Data extracts:
---*---

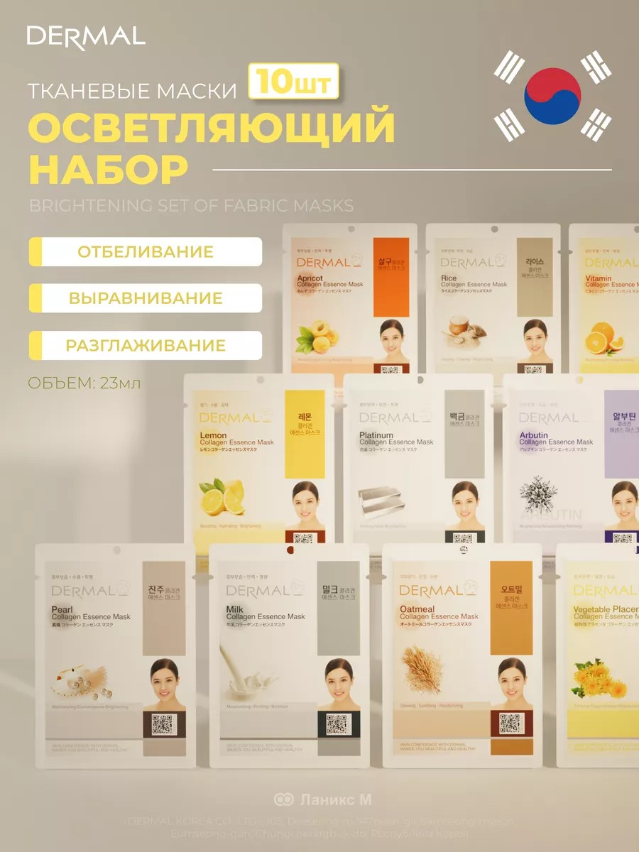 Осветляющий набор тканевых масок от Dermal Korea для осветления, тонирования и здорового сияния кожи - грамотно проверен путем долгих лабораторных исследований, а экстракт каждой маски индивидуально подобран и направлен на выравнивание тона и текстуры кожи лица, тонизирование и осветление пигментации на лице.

---*---

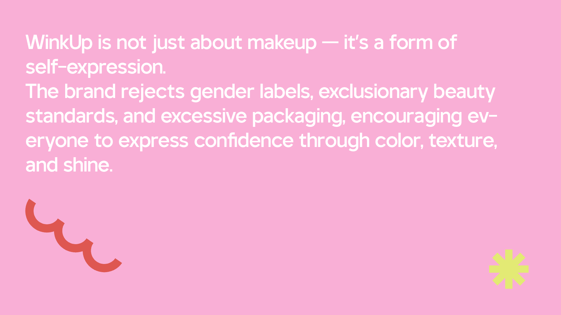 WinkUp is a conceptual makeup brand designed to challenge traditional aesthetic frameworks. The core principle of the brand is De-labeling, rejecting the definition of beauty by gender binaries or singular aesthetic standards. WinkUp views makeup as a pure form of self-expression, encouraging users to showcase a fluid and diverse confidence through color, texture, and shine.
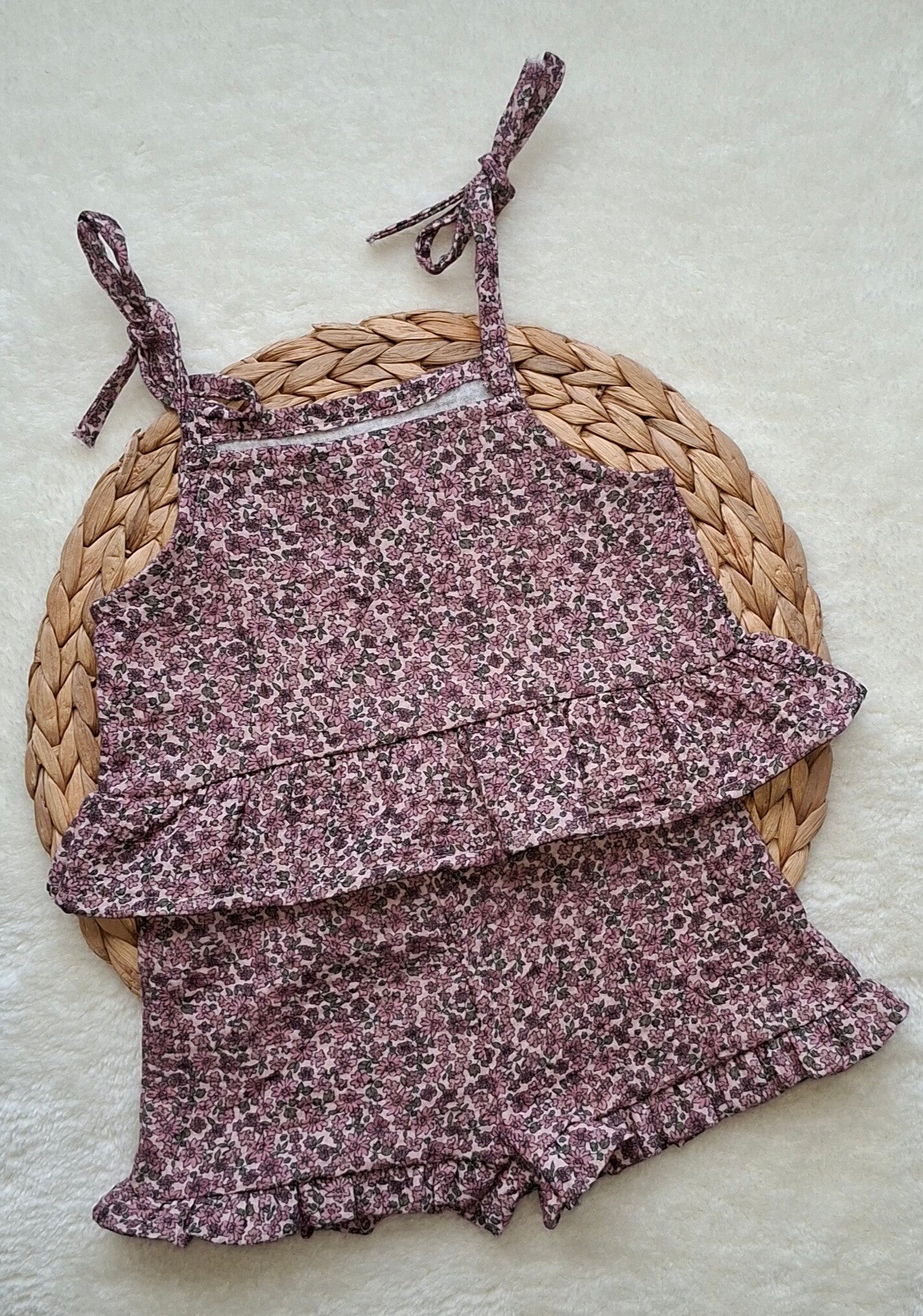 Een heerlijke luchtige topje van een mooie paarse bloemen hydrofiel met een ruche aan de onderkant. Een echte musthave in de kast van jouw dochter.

---*---

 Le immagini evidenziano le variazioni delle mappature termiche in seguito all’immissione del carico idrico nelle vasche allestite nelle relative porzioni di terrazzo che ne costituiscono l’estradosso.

---*---

What needs to be done:
The data above holds the lines to copy: start at the one with "WinkUp is a", stop at the one with "Een heerlijke luchtige", include both, copy them exactly without pictures, and copy nothing else.

Response to this task:
 WinkUp is a conceptual makeup brand designed to challenge traditional aesthetic frameworks. The core principle of the brand is De-labeling, rejecting the definition of beauty by gender binaries or singular aesthetic standards. WinkUp views makeup as a pure form of self-expression, encouraging users to showcase a fluid and diverse confidence through color, texture, and shine.
 Een heerlijke luchtige topje van een mooie paarse bloemen hydrofiel met een ruche aan de onderkant. Een echte musthave in de kast van jouw dochter.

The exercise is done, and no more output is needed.